▶ [TRY IT] Go through the records and give each one again exactly, omitting the images.

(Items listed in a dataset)
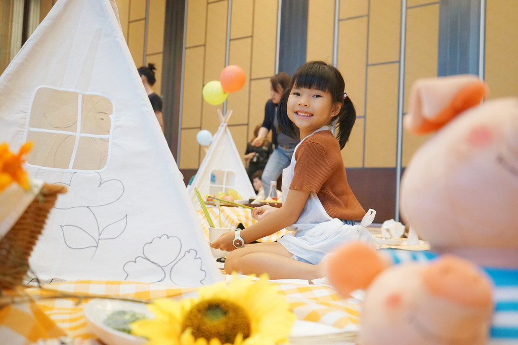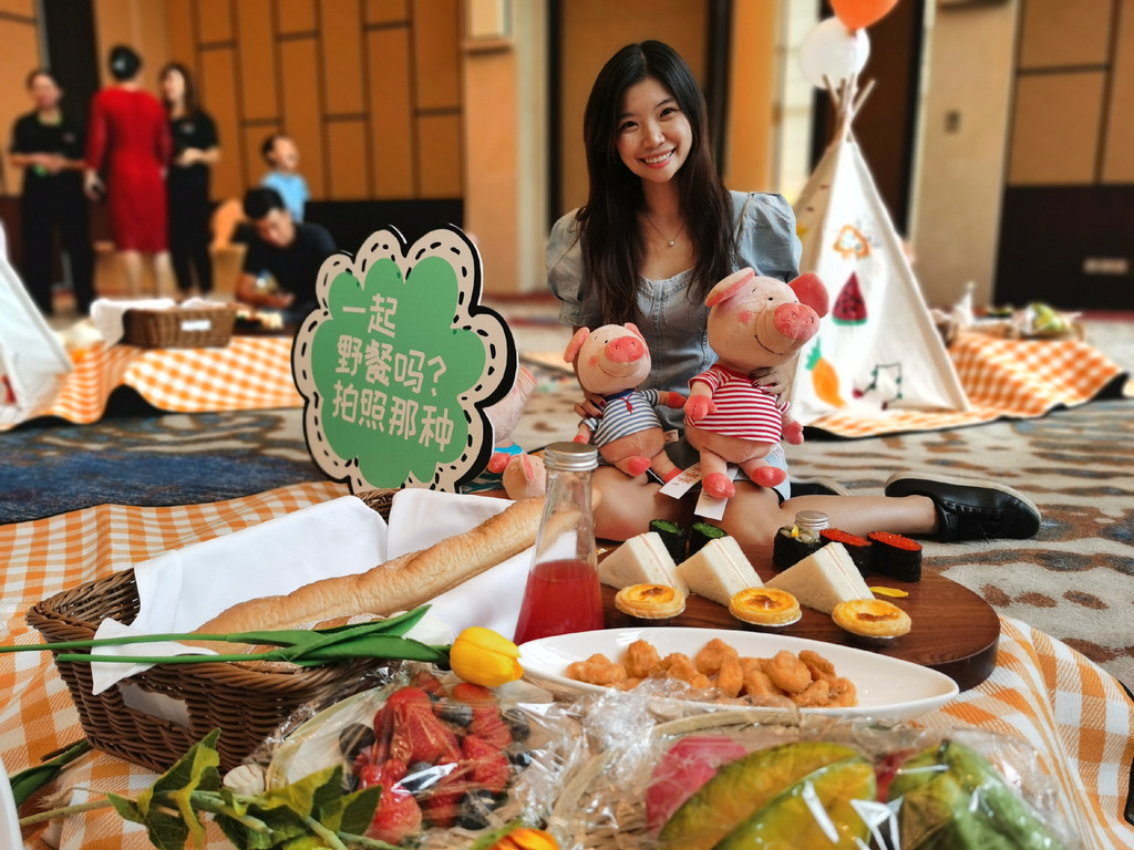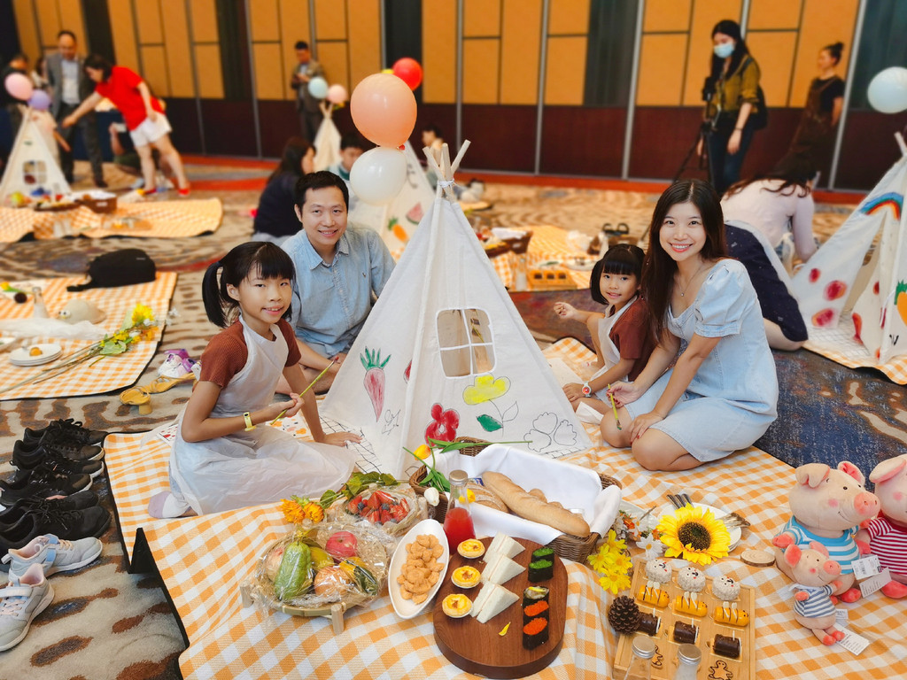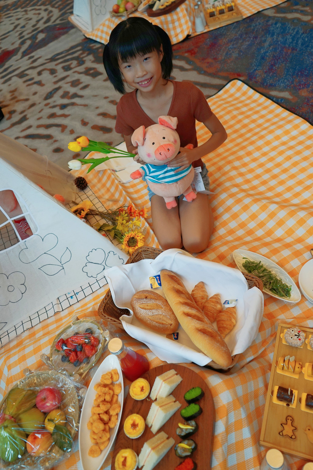 酒店还特别用心地为每个家庭布置了各具特色的道具小精品,也准备了丰盛的下午茶餐点,来,我们和小猪佩奇一起野餐吧!
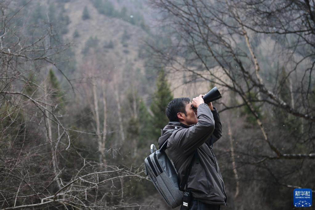 3月24日,在青海省黃南藏族自治州麥秀林場(chǎng),護林員使用望遠鏡巡護林區。
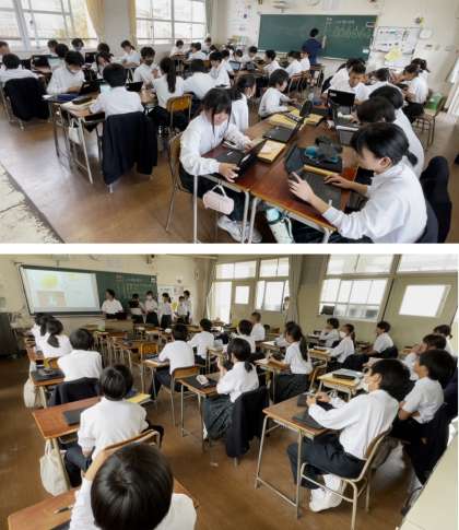 学習者用端末で「Classroom」を活用して、調べた内容をまとめてを班ごとに発表しました。身近な食材を用いることで、理解を深めることができました。
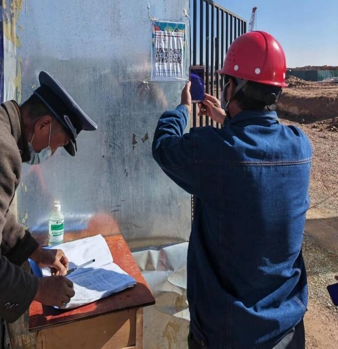 施工現(xiàn)場實(shí)行兩碼一登記一測溫疫情防控措施,為安全文明施工保駕護(hù)航,確保疫情防控工作與項(xiàng)目建設(shè)同步進(jìn)行,從而達(dá)到項(xiàng)目如期完工的目標(biāo)。
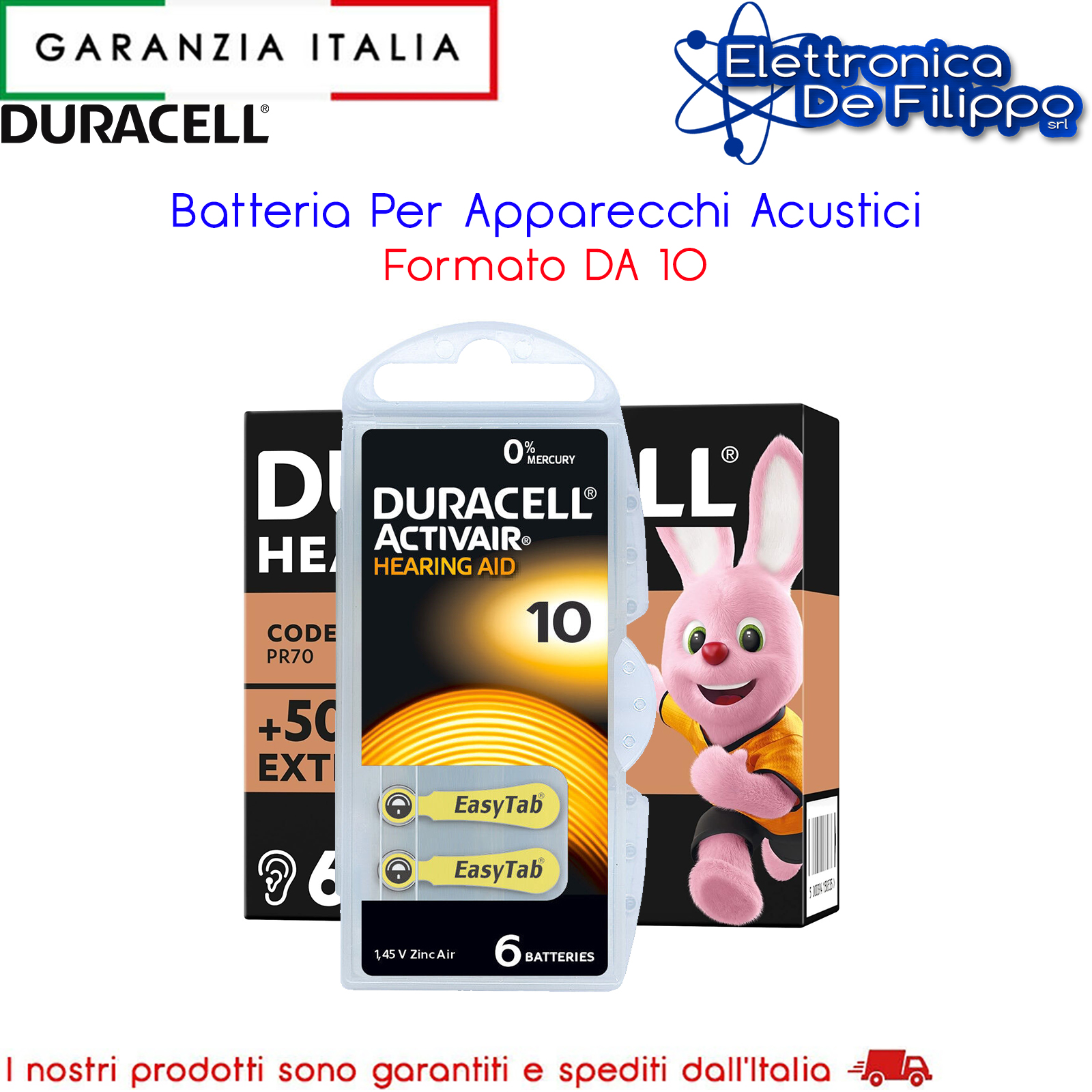 Senti ogni momento con l'energia di lunga durata con le batterie Specialistiche per Apparecchi Acustici Duracell, formato 10 con l'EasyTab. L'EasyTab è extra lungo, in modo da facilitare il maneggiamento e la sostituzione, e la sua confezione leggera è facile da aprire. Le batterie per Apparecchi Acustici Duracell con EasyTab sono a codice colore, permettendoti di trovare facilmente il formato adatto per te. Inoltre, le batterie per Apparecchi Acustici Duracell restano cariche fino a 4 anni nell'ambiente di stoccaggio.

▶ [EXERCISE ANSWER]
 酒店还特别用心地为每个家庭布置了各具特色的道具小精品,也准备了丰盛的下午茶餐点,来,我们和小猪佩奇一起野餐吧!
 3月24日,在青海省黃南藏族自治州麥秀林場(chǎng),護林員使用望遠鏡巡護林區。
 学習者用端末で「Classroom」を活用して、調べた内容をまとめてを班ごとに発表しました。身近な食材を用いることで、理解を深めることができました。
 施工現(xiàn)場實(shí)行兩碼一登記一測溫疫情防控措施,為安全文明施工保駕護(hù)航,確保疫情防控工作與項(xiàng)目建設(shè)同步進(jìn)行,從而達(dá)到項(xiàng)目如期完工的目標(biāo)。
 Senti ogni momento con l'energia di lunga durata con le batterie Specialistiche per Apparecchi Acustici Duracell, formato 10 con l'EasyTab. L'EasyTab è extra lungo, in modo da facilitare il maneggiamento e la sostituzione, e la sua confezione leggera è facile da aprire. Le batterie per Apparecchi Acustici Duracell con EasyTab sono a codice colore, permettendoti di trovare facilmente il formato adatto per te. Inoltre, le batterie per Apparecchi Acustici Duracell restano cariche fino a 4 anni nell'ambiente di stoccaggio.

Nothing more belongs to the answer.